Aktualisierung der SPAM-Filter Signaturen
Die neuen Signaturen wurden insbesondere in Hinsicht auf Perfomance optimiert.

Benutzerdefinierte SPAM-Filter-Regeln nun auch für beliebige Kopfzeilen (Header)

Möglicher Absturz des bzip2-Entpackers
Kleinere Bugfixes und Verbesserungen
5.0-2-4

Firewall und langsame DNS-Server
Seit Einführung des neuen Name-Servers in der letzten Version werden DNS-Anfragen mit einer Laufzeit von mehr als 30 Sekunden
in der Firewall abgefangen. Bei aktivierter dynamischer Firewall wurde in Einzelfällen die IP des Name-Servers komplett gesperrt.
Mit dem Update die maximale Laufzeit für UDP-Antwortpakete vergrößert.

Web-Proxy beendet sich
Wenn im Web-Proxy die Authentifizierung aktiviert ist und zudem Ausnahmen für einzelne Domains definiert sind, hat sich der
Web-Proxy seit Version 5.0-2.0 sporadisch beendet.
Kleinere Bugfixes und Verbesserungen
5.0-2-3

Sicherheitsupdate des Name-Servers
Eine neu entdeckte protokollbedingte Schwachstelle ermöglicht sog. Cache-Poisoning Angriffe. Mit der neuen Version werden
DNS-Anfragen über zufällige Quell-Ports gesendet, was eine Ausnutzung der Schwachstelle unwahrscheinlich macht.
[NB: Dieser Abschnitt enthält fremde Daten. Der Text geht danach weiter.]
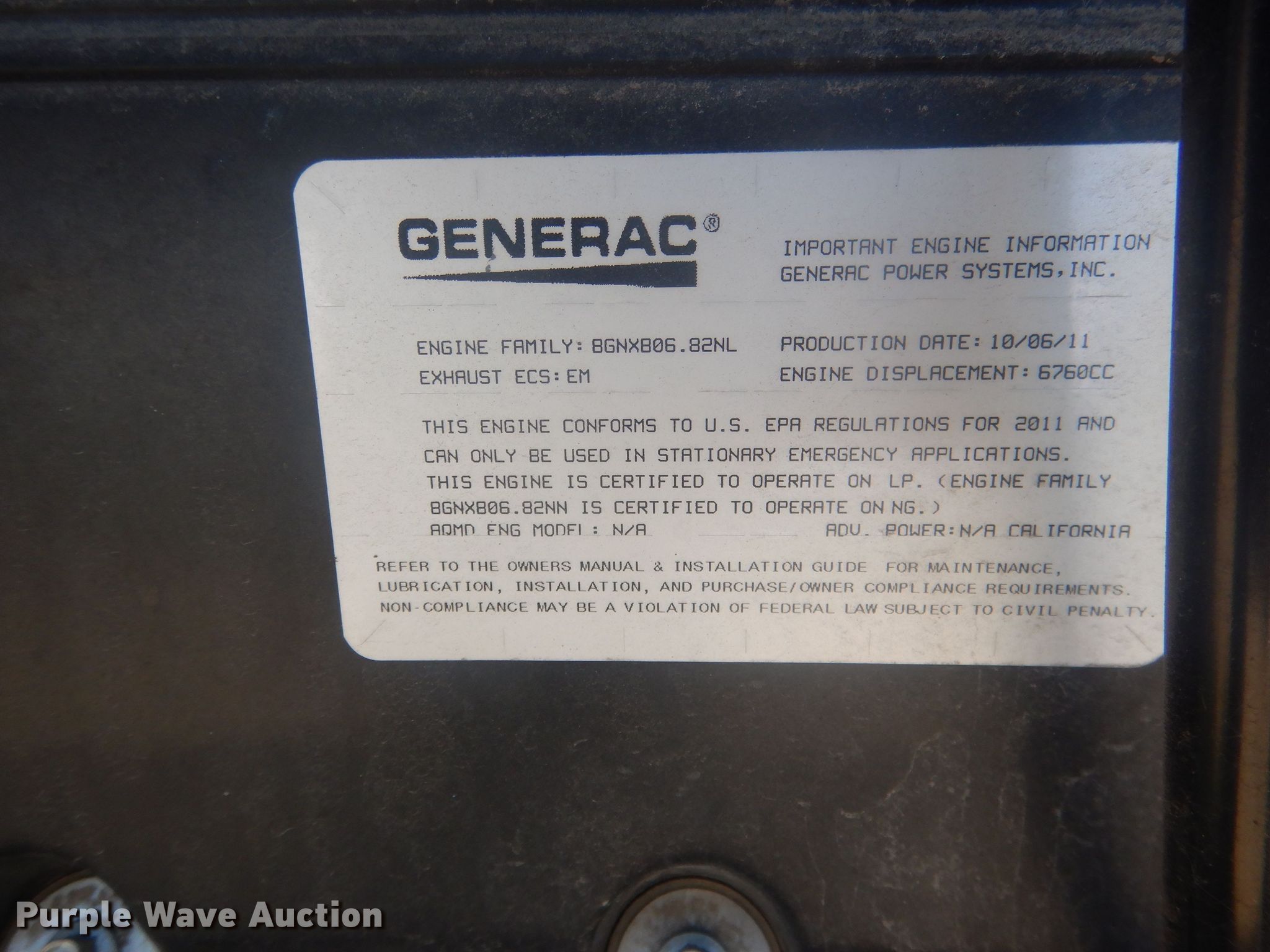 Olympian G70LG2 generator. Hours: 149 on meter, Serial: GXC01324. Engine Generac BGNXB06.82NL, Displacement: 6.8L, Cylinders: 10, Fuel type: LPG. Features kVA: 70, kW: 70, Phase: Single, Backup start, Electric start, Skid mounted. D12 Industries. 415 South Maple Street. North Platte, NE 69101

IDS gestoppt bei permanenten ADSL-Verbindungen
Nach der Verbindungstrennung einer permanenten ADSL-Verbindung wurde die Intrusion-Detection beendet.

IPSec-L2TP-Unterstützung für Windows Mobile
Da Windows Mobile keine PAP-Authentifizierung unterstützt, was die Anbindung dieser Client bisher nicht ohne weiteres möglich.
Ab sofort kann in der Benutzerverwaltung ein festes "system-ras"-Kennwort im Klartext abgelegt werden, so dass Windows Mobile
Clients per CHAP oder EAP MD5 authentifziert werden können.
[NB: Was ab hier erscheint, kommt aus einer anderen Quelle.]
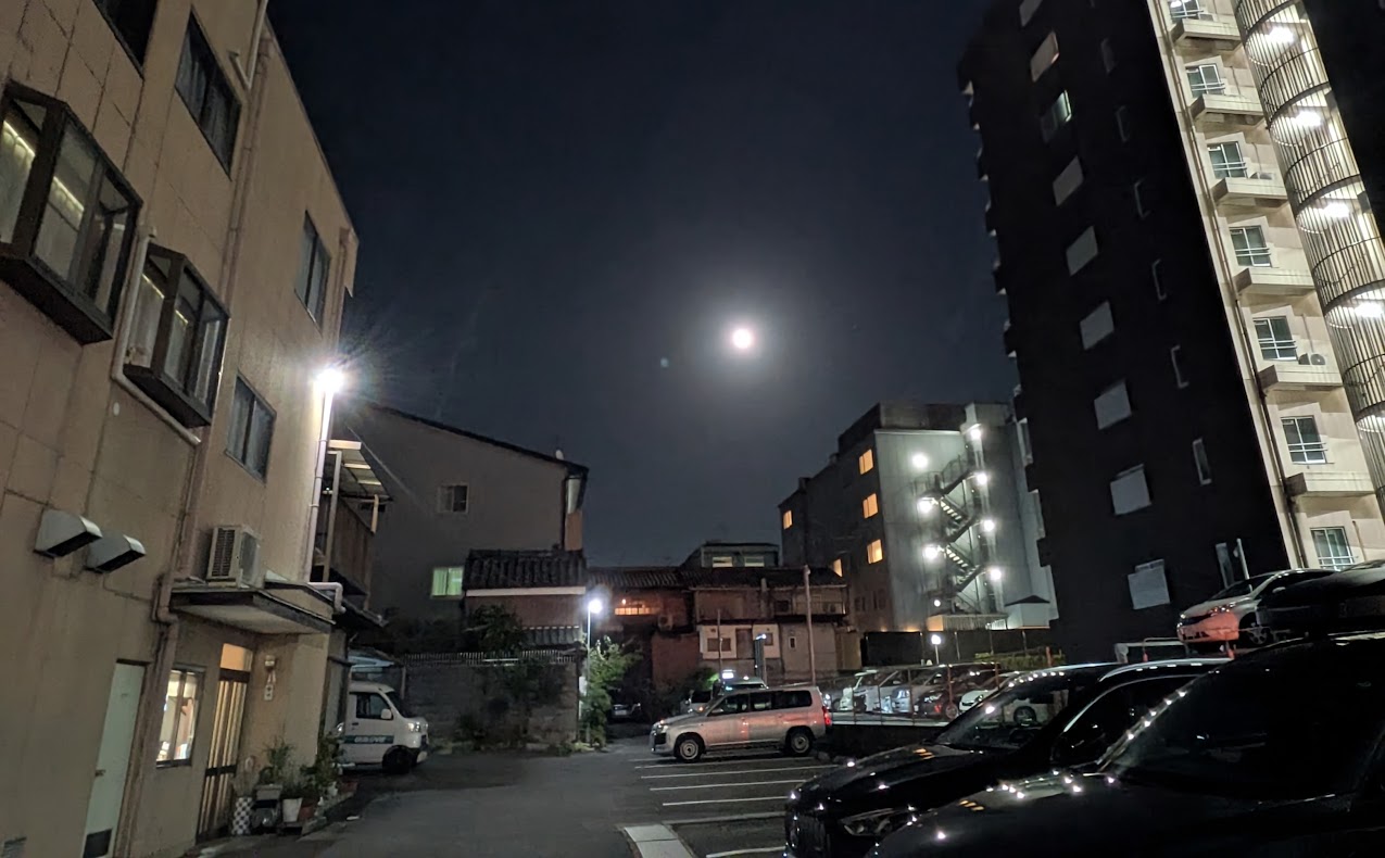 イマドキのビルの谷間から見えるお月さん眺めて、

LDAP-Server ließ sich über Netzwerk beenden
Mit einem speziell konstruierten Datenpaket ließ sich der LDAP-Server beenden.

Bereitstellung der McAfee-Signaturen für Scanner im LAN
Manche McAfee-Server liefern die Signatur-Dateien mit falscher Groß-/Kleinschreibung aus. Diese wird bei der Erstellung eines
lokalen Spiegels natürlich übernommen. Scanner im LAN können sich von diesem Spiegel dann nicht aktualisieren.
Nachdem das Problem noch immer nicht behoben wurde, bieten wir ab sofort einen Workaround an. Nach der Spiegelung werden die
Signaturen nun in diversen Groß-/Kleinschreibungs-Varianten abgelegt.
Kleinere Bugfixes und Verbesserungen
5.0-2-2

Sicherheitsupdate des Perl-Interpreters
Im Perl-Interpreter ist ein sicherheitskritisches Problem im Zusammenhang mit der Verarbeitung von UTF-8 Zeichenketten bekannt
geworden.
Kleinere Bugfixes und Verbesserungen
5.0-2-1

Temporärer SMTP-Fehler bei der Verarbeitung von Virusmails
Aufgrund einer Software-Inkompatibilität in Version 5.0-2.0 wurde die Annahme von Virusmails mit einem temporären Fehler verweigert.
Beim Mail-Empfang via SMTP sollte dies in der Regel keine Probleme machen. Anders wenn E-Mails von einem POP3-Server im Internet
abgeholt werden. Da nur eine begrenzte Anzahl von E-Mails pro Abholzyklus abgerufen werden, wird hier irgendwann der Zustand
erreicht, in dem nur noch Virenmails abgeholt werden.
Systeme auf denen nach dem 10.06.2008 das Update 5.0-2.0 installiert wurde, sind nicht betroffen.

Anzeige der erreichten SPAM-Punkte im Betreff
Die vom SPAM-Filter vergebenen Bewertungspunkte sind bei E-Mails die als SPAM markiert wurden nun schon im Betreff ersichtlich.
Sortiert man im Mail-Client die Mails nach dem Betreff, so werden SPAM-Mails automatisch nach Punkten sortiert.

Benutzerdaten beim Import aus dem Active-Directory
Ab sofort werden auch Zusatzdaten wie E-Mail-Adresse und Telefonnummern übernommen.